In Tokyo trading on Tuesday, Tokyo Electron’s shares climbed by 13%, propelling its valuation to ¥15.9 trillion ($106 billion), marking its highest closing level on record. The surge came following the company’s upward adjustment of its operating income forecast for the fiscal year ending in March, raising it by 11% to ¥445 billion. This surpassed analyst expectations and was bolstered by strong sales performance in China, which accounted for 46.9% of its sales in the December quarter.
The surge in demand from Chinese semiconductor ventures, seeking legacy equipment amidst US trade restrictions, has been a key driver behind Tokyo Electron’s impressive sales figures. These ventures are compelled to procure legacy equipment as they face limitations in acquiring cutting-edge chips for tasks such as artificial intelligence development.
Additionally, Tokyo Electron anticipates a rebound in investment from DRAM makers this year, further contributing to its positive outlook. The optimistic prospects of its customers, including Samsung Electronics Co. and SK Hynix Inc., have also bolstered market sentiment, driven by rising demand fuelled by artificial intelligence applications.
Commenting on the market dynamics, Amir Anvarzadeh of Asymmetric Advisors highlighted a “frenzy stage of buying anything tech,” citing Tokyo Electron’s surge alongside other tech firms.

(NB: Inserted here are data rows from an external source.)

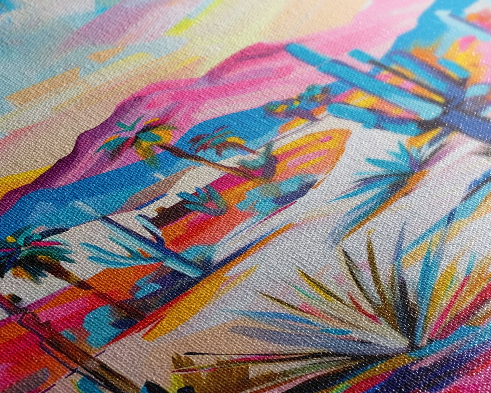Colorful Desert Pathway Art - Framed Canvas Print, Southwestern Decor, Vibrant Living Room Wall Art, Modern Desert Landscape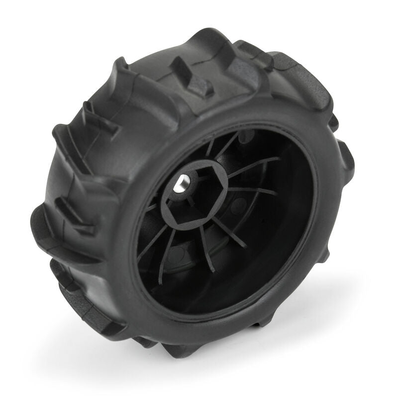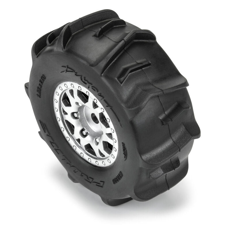 PRO1030910 | Dumont 1.2"1.7" Paddle Sand Tires Mounted on Impulse Satin Silver 12mm Hex Wheels (4) for ARRMA® Mojave™ GROM Front and Rear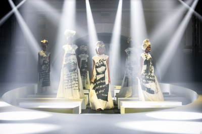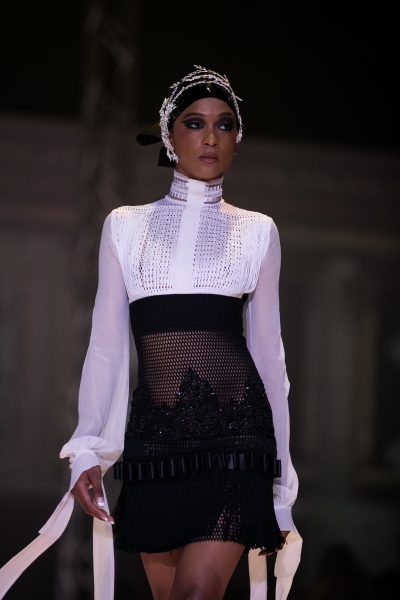David Tlale: The South African designer ended the show on the first day in his characteristic dramatic way. Monochrome, Cleopatra –like head pieces, sequins, dramatic hair styles, featured prominently in his collection.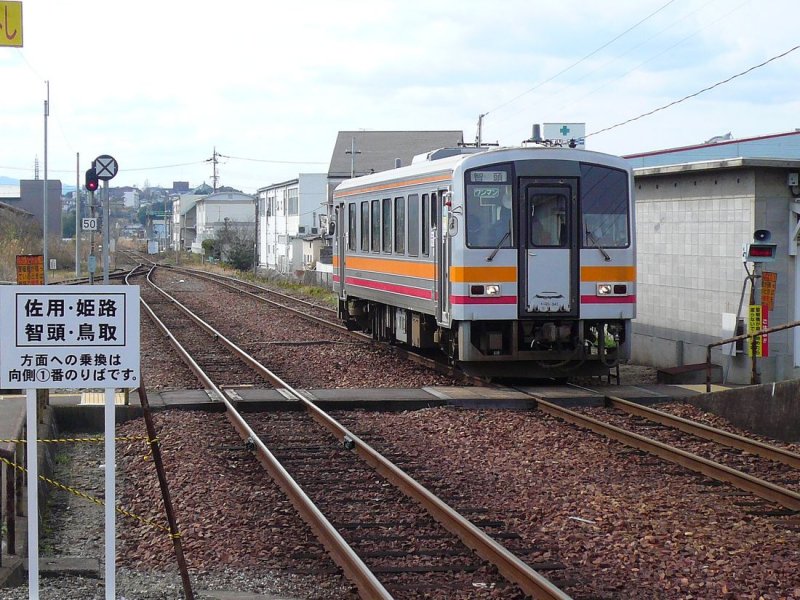 KIHA 120: Die KIHA 120 des westjapanischen Hochlandes (KIHA キハ=gewöhnliche Dieseltriebwagen). Gebaut:1991 mit Quersitzen(Nr.201-208),1992 mit Längssitzen(Nr.1-22),1993-95 Mischform Längs- und Quersitze (Nr.301-359).Im Besitz der JR-Westjapan. Die im Hochland eingesetzten Wagen haben einen gelben und einen roten Streifen. Hier ist KIHA 120-337 in Tsuyama, 28.Februar 2009. Peter Ackermann

However, Anvarzadeh cautioned about the risks associated with heavy reliance on China as a significant market.
Despite potential risks, Tokyo Electron remains optimistic about sustained demand from China in the coming years. Hiroshi Kawamoto, the company’s deputy general manager, expressed confidence in strong demand from China persisting or even strengthening further. He emphasised China’s aggressive investment to reduce its reliance on foreign chip imports and projected continued momentum through 2025.
Tokyo Electron’s record-breaking performance underscores the critical role of China in driving growth in the semiconductor industry and highlights the company’s strategic positioning to capitalise on this burgeoning demand.